Nicholas Dunzelman

30-day field trial plan ยท checked May 19, 2026

What I would prove in the first month on Codex deployment.

This page answers the hiring-manager version of the question: not whether I can talk about AI coding, but what evidence I would produce if given a narrow field lane for 30 days.

AgentProof demo report showing browser evidence from a tested web app

By day 30, the team should have one reusable field kit: customer-neutral intake, scope card, two reference demos, 90-minute workshop script, verifier-backed handoff receipt, and a product feedback packet.

The public field-kit templates are here: AI Coding Deployment Field Kit. A filled example is here: AI Coding Deployment Sample Run. Runnable receipt proof is here: AI Coding Workflow Receipt Reference. The acceptance scorecard is here: AI Coding Field Trial Scorecard.

This is deliberately smaller than owning a portfolio. It is the fastest truthful path from high-potential candidate to measurable Codex deployment asset.

The plan now has a runnable acceptance scorecard. It validates role-need coverage, verifier evidence, release gates, official source URLs, and the no-outbound boundary before the field trial can be called ready.

python3 tools/deployment_receipt.py validate-scorecard --input examples/field_trial_acceptance_scorecard.json
python3 tools/deployment_receipt.py scorecard --input examples/field_trial_acceptance_scorecard.json

Current result: ready, 4.4/5 average, no blocked gates, no outbound before 2026-05-26. This is still public-safe readiness proof, not real customer rollout evidence.

  1. Week 1

    Field map and intake

    Learn the customer motion before building theater.

    • task-selection rubric;
    • scope card with owner, data boundary, rollback path, acceptance criteria, and verifier;
    • reject list for unsafe or unclear demo candidates.

    Proof: one reviewer can mark a proposed demo ready, repair, or reject.

  2. Week 2

    Reference demos

    Produce demos that are falsifiable, not merely impressive.

    • repo maintenance demo with changed files, command proof, limitation, and rollback note;
    • team adoption demo with business context, user, verifier, failure mode, and receipt.

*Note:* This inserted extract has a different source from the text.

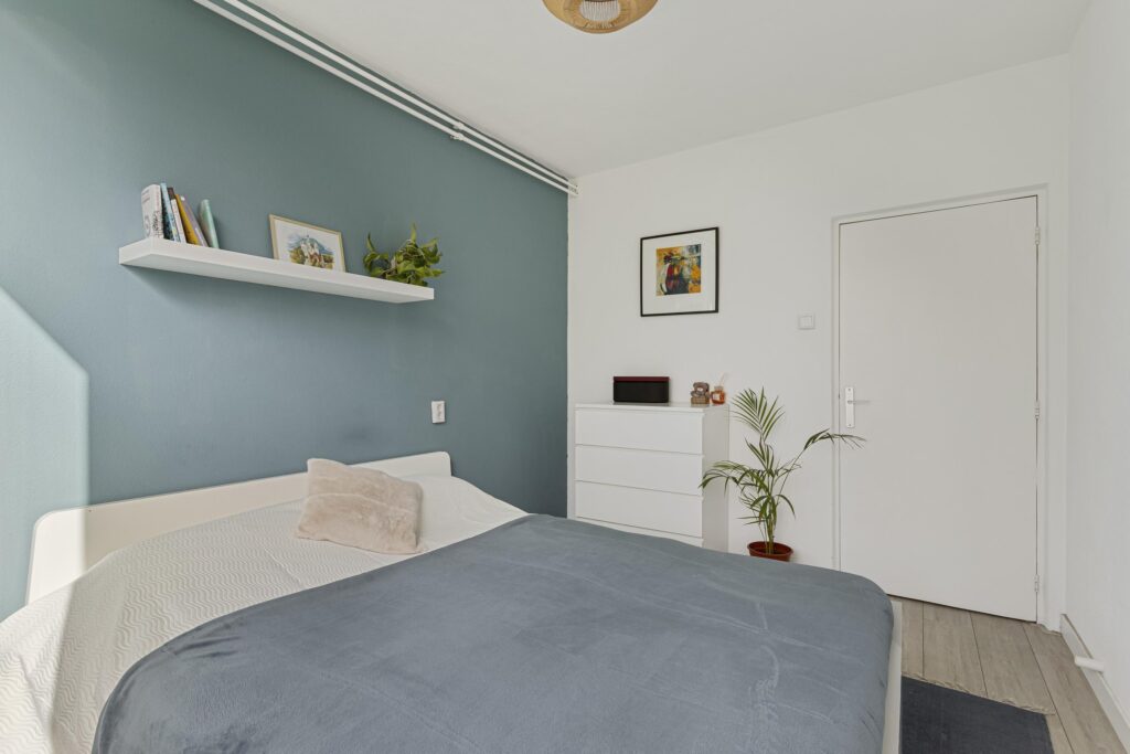 Het appartement beschikt over twee slaapkamers gelegen aan de achterzijde, waarvan 1 thans in gebruik als kastenkamer. Beide slaapkamers zijn voorzien van kunststof kozijnen (2015), strakke wand- en plafondafwerking, een laminaatvloer en vanuit beide slaapkamers is een prachtig vrij uitzicht over het groen.

    Proof: two demos can be rerun or critiqued by an engineer without the presenter in the room.

  3. Week 3

    Workshop and failure taxonomy

    Turn demos into team behavior.

    • scope card, context load, live run, failure map, rollout gate, handoff receipt;
    • failure buckets for criteria, repo context, environment, verifier, tool mismatch, and review boundary.

    Proof: a decision table separates ready, repair, and human-owned task patterns.

  4. Week 4

    Product feedback packet

    Feed field signal back to product and applied teams cleanly.

    • adoption blockers, ready patterns, trust failures, missing affordances, and model observations;
    • documentation gaps, proposed guide additions, and one prioritized product proposal with evidence.

    Proof: a product partner can tell which issue is model, tool, docs, or customer readiness.

  1. Customers Intake, task selection, and workshop gates turn customer workflow design into a repeatable artifact.
  2. Demos Two reference demos include context, action, verifier, reviewer decision, and rollback note.
  3. Workshops The 90-minute run is built around failure triage and adoption gates, not prompt education.
  4. Content The field kit yields guide additions, customer templates, and Cookbook-shaped examples.
  5. Product The feedback packet separates model behavior, tool harness, docs gaps, and readiness blockers.
  6. Safety Every demo carries a data boundary, disallowed action list, verifier, rollback path, and human review rule.

This page is independent from OpenAI. It uses OpenAI and Codex only to name public role context. It does not use OpenAI logos, product UI, private systems, or affiliation language.

Sources checked: AI Deployment Engineer - Codex and OpenAI interview guide.